8

I am new to SSIS and have a pair of questions

  1. I want to transfer 1,25,000 rows from one table to another in the same database. But When I use Data Flow Task, it is taking too much time. I tried using an ADO NET Destination as well as an OLE DB Destination but the performance was unacceptable. When I wrote the equivalent query inside an Execute SQL Task it provided acceptable performance. Why is such a difference in performance.

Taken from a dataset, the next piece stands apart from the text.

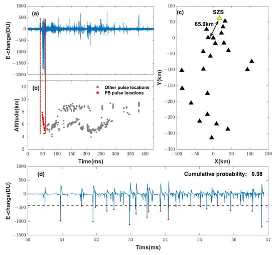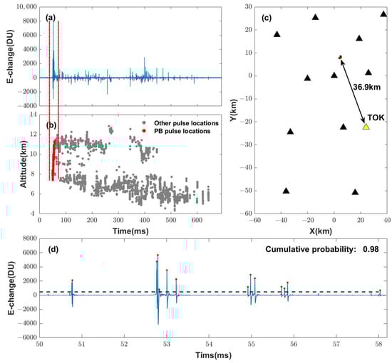 The expanded PB waveform is given in Figure 2d, which is recorded by the site TOK, as marked in Figure 2c. In this study, we use the same method as proposed in Shi et al. [] to distinguish the PB pulse. We first calculate the cumulative probability distribution of the pulse amplitude in each PB waveform. When the cumulative probability reaches 98%, the corresponding amplitude is determined to be the noise level. The pulses exceeding the noise level are identified as PB pulses, marked by red dots in Figure 2d. This method is consistently applied to inverted IC flashes, as depicted in Figure 3.

    INSERT INTO table1 select * from table2

  2. Based on the first observation, I changed my package. It is exclusively composed of Execute SQL Tasks either with a direct query or with a stored procedure. If I can solve my problem using only the Execute SQL Task, then why would one use SSIS as so many documents and articles indicate. I have seen as it's reliable, easy to maintain and comparatively fast.

Hadi
  • 36,233
  • 13
  • 65
  • 124
Teju MB
  • 1,333
  • 5
  • 20
  • 37
  • Have you tried breaking the transfer into blocks, e.g. 10K rows at a time? Logging can be traumatic for large single operations. – HABO Apr 24 '13 at 02:38
  • while using the dataflow task, it itself breaks the row amount into 10k partition and then insert, is this the cause to slow down? – Teju MB Apr 24 '13 at 02:59
  • 3
    Did you select 'fast load' in the oledb destination? – Maximus Apr 24 '13 at 04:54
  • yeah i have used the fast load also. But after reading the answer posted by billinkc, i let it remain with all of Execute SQL task and run it through the SQL Agent. I am now satisfied ! – Teju MB Apr 24 '13 at 06:00
  • While this is an old thread, I recently ran into this. I had 'Lookup' tasks that executed poorly on two systems versus two others. Likely one of the reasons outlined below but I solved it by refactoring all of the lookups into SQL Tasks that used a combination of JOINS and CTE. I shaved 30+ hours for the first bulk run down to 6 hours. Huge win. Only where the data flow added columns did I leave those in place. – D-Klotz Nov 19 '21 at 14:31

2 Answers2

29

Difference in performance

There are many things that could cause the performance of a "straight" data flow task and the equivalent Execute SQL Task.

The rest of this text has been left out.